((

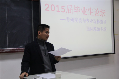 3月24日和3月26日晚,正妹av 分别在文史楼520和实验中心401室举办了2015届毕业生论坛——考研院校与专业指导交流会之国际政治、文化产业管理专业专场,孙晓光副教授和王京传副教授、2012级辅导员李春玲老师分别出席了交流会。
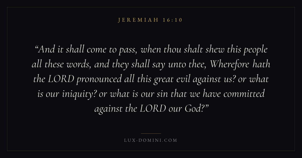 And it shall come to pass, when thou shalt shew this people all these words, and they shall say unto thee, Wherefore hath the LORD pronounced all this great evil against us? or what is our iniquity? or what is our sin that we have committed against the LORD our God?
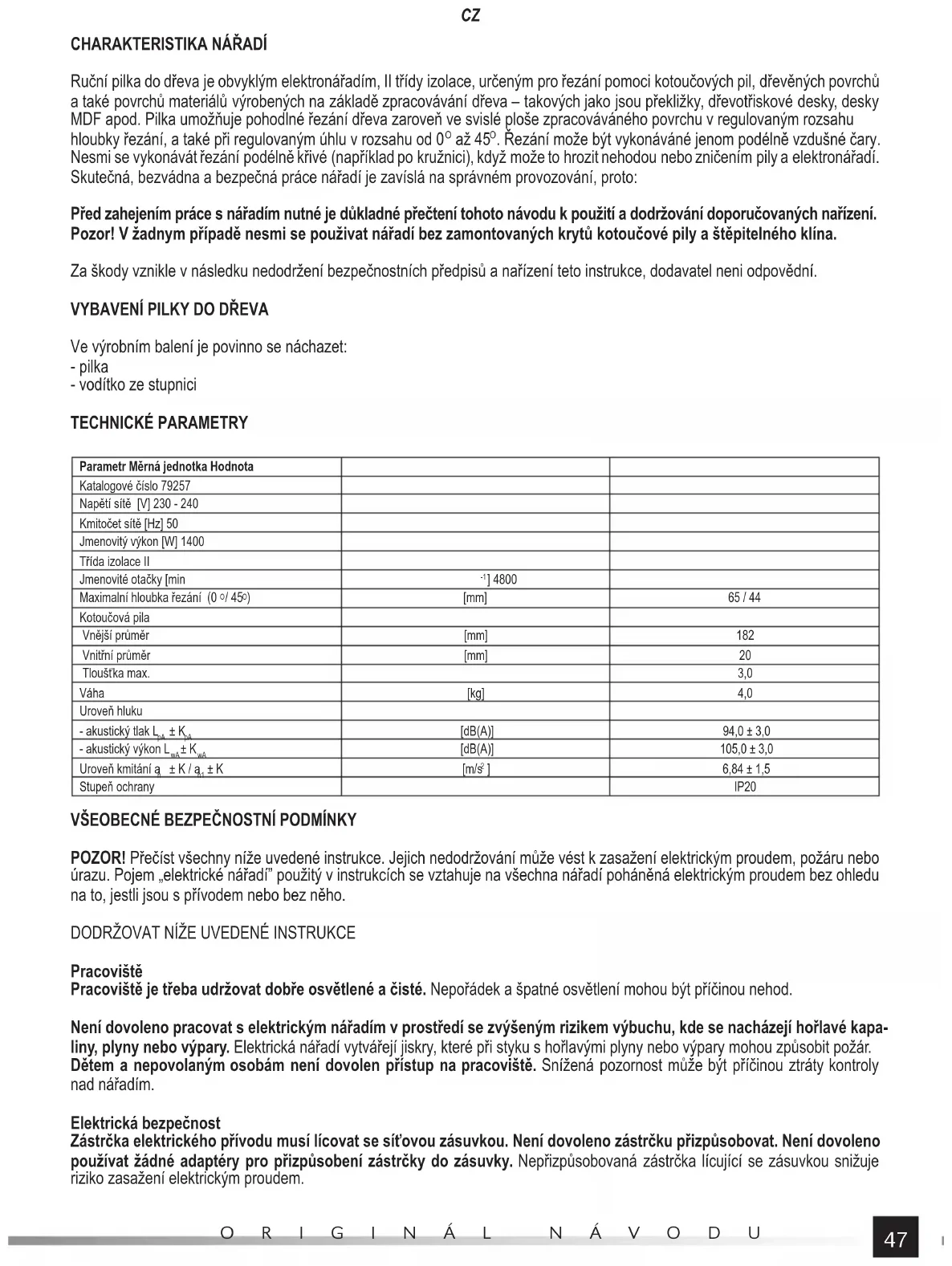 Ve výrobním balení je povinno se náchazet: - pilka - vodítko ze stupnici TECHNICKÉ PARAMETRY Parametr Měrná jednotka Hodnota Katalogové číslo 79257 Napětí sítě [V] 230 - 240 Kmitočet sítě [Hz] 50 Jmenovitý výkon [W] 1400 Třída izolace II Jmenovité otačky [min
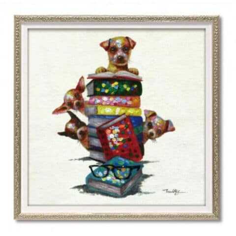 オイル ペイント アート「ドッグ オン ブックス」 Sサイズ OP-07024
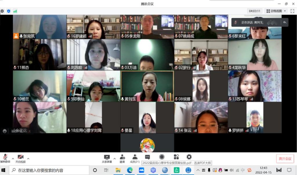 为保质保量完成本科毕业论文撰写工作,4月15日,在学校和学院督导专家的指导下,心理学教师团队为2022届应用心理学专业80 名员工组织开展了论文预答辩工作。因疫情原因,预答辩采用线上与线下相结合的方式进行,5组(线上3 组,线下2 组)均严格按照学校规定的本科毕业论文答辩要求,规范程序、科学客观、公平公正地进行。
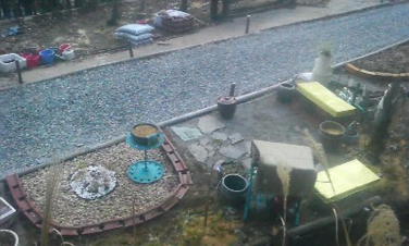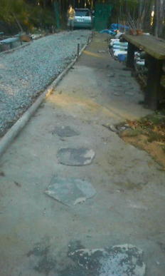 入口から砂利道に沿って作っている粘土入り舗装の 「土の道」もだいぶ長くなりましたが、粘土の割合が その都度アバウトで・・微妙に色のトーンが違っています 「手作りの味」ということに・・ まだまだ「ルミノ」は工事中 土の小山や資材やらバケツやらが散らばって 通りがかった方は首を傾げて見て行かれるみたいです |

))

Task goal = From the line that contains "Ve výrobním balení" down to the last line of the material above, every line must be repeated exactly, with pictures removed and both end lines included.

Answer to the problem =
 Ve výrobním balení je povinno se náchazet: - pilka - vodítko ze stupnici TECHNICKÉ PARAMETRY Parametr Měrná jednotka Hodnota Katalogové číslo 79257 Napětí sítě [V] 230 - 240 Kmitočet sítě [Hz] 50 Jmenovitý výkon [W] 1400 Třída izolace II Jmenovité otačky [min
 オイル ペイント アート「ドッグ オン ブックス」 Sサイズ OP-07024
 为保质保量完成本科毕业论文撰写工作,4月15日,在学校和学院督导专家的指导下,心理学教师团队为2022届应用心理学专业80 名员工组织开展了论文预答辩工作。因疫情原因,预答辩采用线上与线下相结合的方式进行,5组(线上3 组,线下2 组)均严格按照学校规定的本科毕业论文答辩要求,规范程序、科学客观、公平公正地进行。
 入口から砂利道に沿って作っている粘土入り舗装の 「土の道」もだいぶ長くなりましたが、粘土の割合が その都度アバウトで・・微妙に色のトーンが違っています 「手作りの味」ということに・・ まだまだ「ルミノ」は工事中 土の小山や資材やらバケツやらが散らばって 通りがかった方は首を傾げて見て行かれるみたいです |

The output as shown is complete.